The Prime Minister noted that his government will this month pay out EC$3.5 million in wages to road workers.

“We are power washing the market,” he said of the Central Market in Kingstown, adding, “So, the state is doing a number of things.”


2 replies on “Firms to get tax break if they pay Christmas bonus”

  1. Dr. Dexter Lewis says:

    Is the Executive director of the Chamber so empty-headed that he cannot recognize a fakery when he is presented with one?

    Does he not recall the PM saying to the Teachers Union that whatever he agreed with them just before the last elections do not now hold because such promises are against the constitution?

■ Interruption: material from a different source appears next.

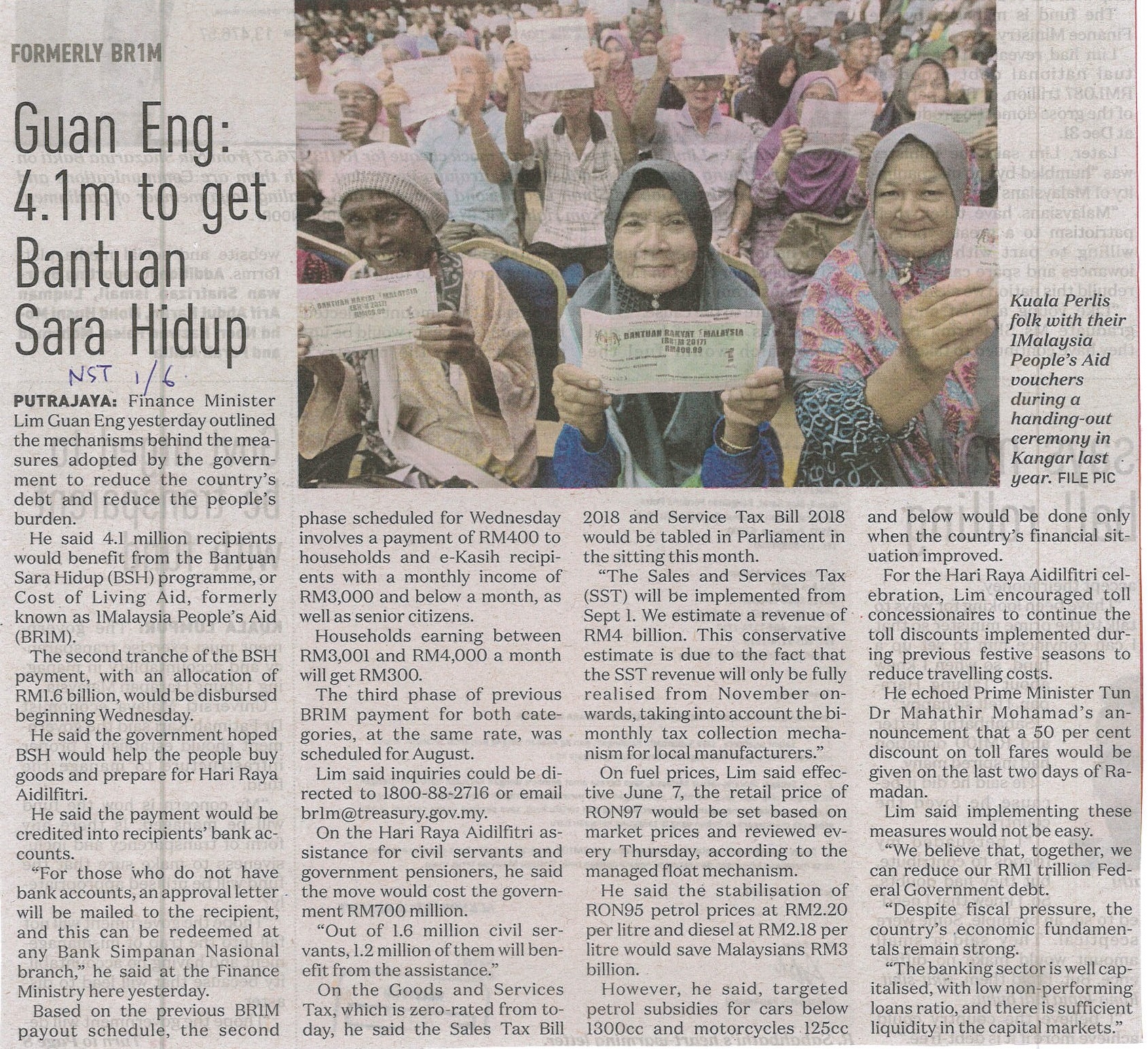 New Strait Times - Guan Eng: 4.1m To Get Bantuan Sara Hidup |

    Further, does he not realize that the PM could not do legislation outside of Parliament? If there are no laws on the books in respect to “tax breaks” then his membership can expect none. None.

    Same thing goes for the Petro Caribe “agreement”: since it did not go through Parliament it has no binding force of law.

    None. It is just political games to catch the unweary.